WHAT THE TASK REQUIRES:
A word-for-word copy is needed of the line containing "Gyerek karóra, 3D" and every line after it through the end of the records below, leaving out all pictures.

EXERCISE DATA below:

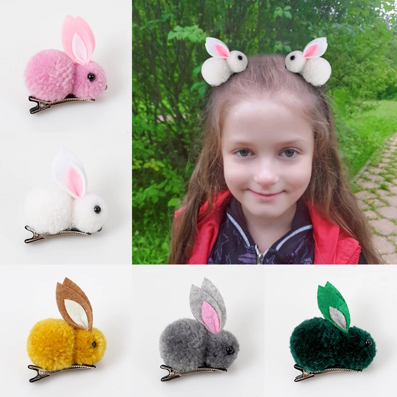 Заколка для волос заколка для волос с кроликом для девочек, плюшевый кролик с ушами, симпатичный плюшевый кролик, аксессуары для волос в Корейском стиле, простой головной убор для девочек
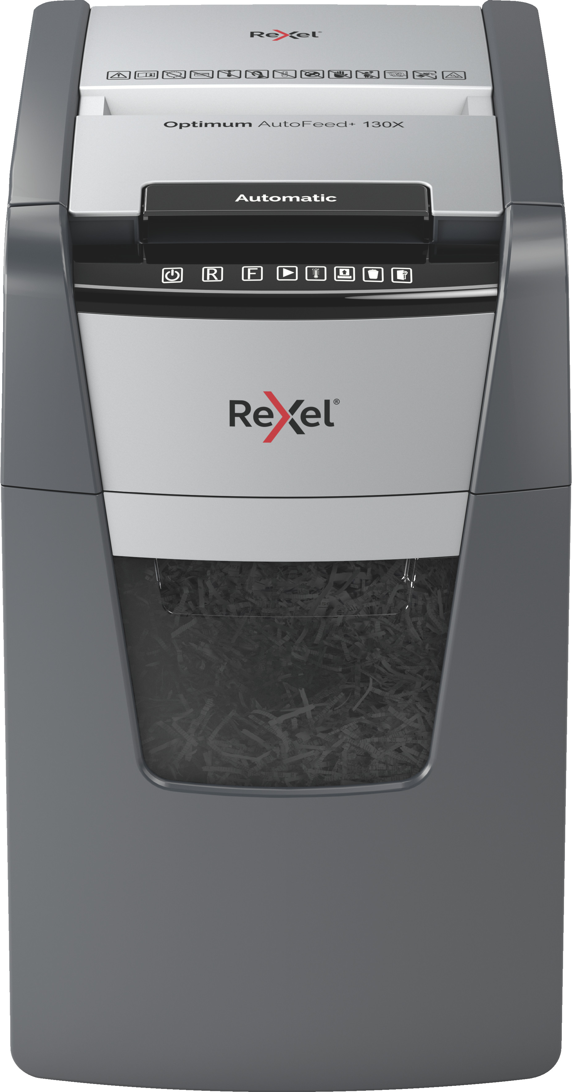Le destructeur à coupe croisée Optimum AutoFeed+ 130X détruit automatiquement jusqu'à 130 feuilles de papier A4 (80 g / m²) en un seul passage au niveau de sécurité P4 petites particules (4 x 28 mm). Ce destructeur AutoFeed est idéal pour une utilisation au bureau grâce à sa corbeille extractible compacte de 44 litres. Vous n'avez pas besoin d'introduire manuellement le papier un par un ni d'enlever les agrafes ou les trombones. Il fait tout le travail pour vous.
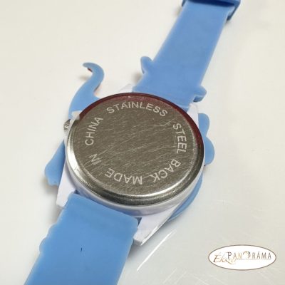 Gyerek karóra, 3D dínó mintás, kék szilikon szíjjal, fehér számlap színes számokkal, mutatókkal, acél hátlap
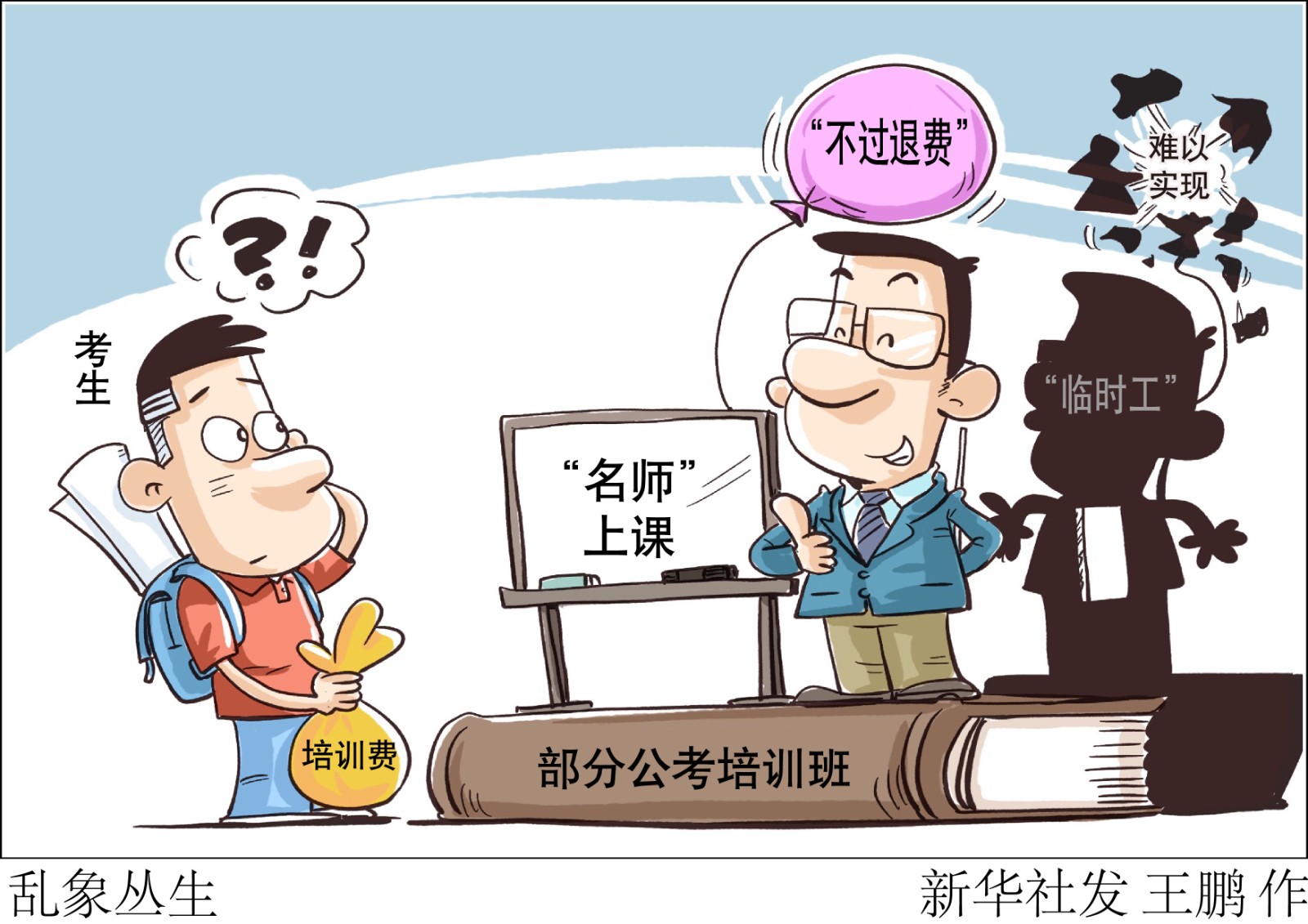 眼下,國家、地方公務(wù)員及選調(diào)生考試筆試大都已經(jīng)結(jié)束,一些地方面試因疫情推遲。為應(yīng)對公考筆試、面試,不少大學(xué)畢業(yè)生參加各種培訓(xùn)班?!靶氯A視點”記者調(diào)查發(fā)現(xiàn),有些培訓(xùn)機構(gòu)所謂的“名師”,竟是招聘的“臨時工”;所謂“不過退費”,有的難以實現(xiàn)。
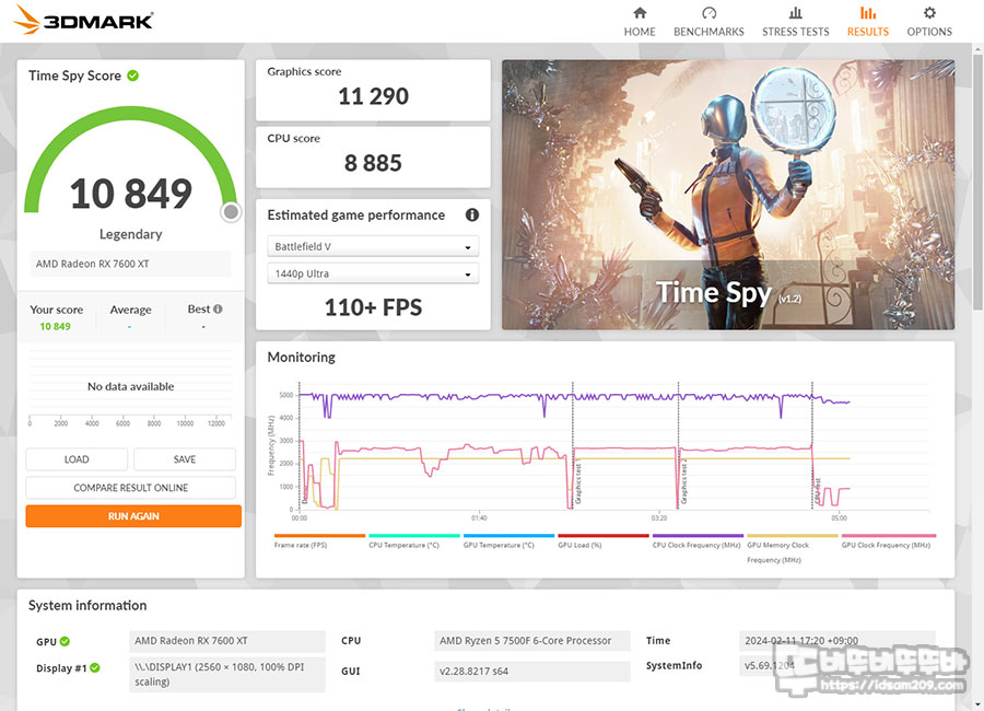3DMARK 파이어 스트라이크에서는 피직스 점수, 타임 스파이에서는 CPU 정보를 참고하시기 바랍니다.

End of EXERCISE DATA.

TASK RESPONSE:
 Gyerek karóra, 3D dínó mintás, kék szilikon szíjjal, fehér számlap színes számokkal, mutatókkal, acél hátlap
 眼下,國家、地方公務(wù)員及選調(diào)生考試筆試大都已經(jīng)結(jié)束,一些地方面試因疫情推遲。為應(yīng)對公考筆試、面試,不少大學(xué)畢業(yè)生參加各種培訓(xùn)班?!靶氯A視點”記者調(diào)查發(fā)現(xiàn),有些培訓(xùn)機構(gòu)所謂的“名師”,竟是招聘的“臨時工”;所謂“不過退費”,有的難以實現(xiàn)。
3DMARK 파이어 스트라이크에서는 피직스 점수, 타임 스파이에서는 CPU 정보를 참고하시기 바랍니다.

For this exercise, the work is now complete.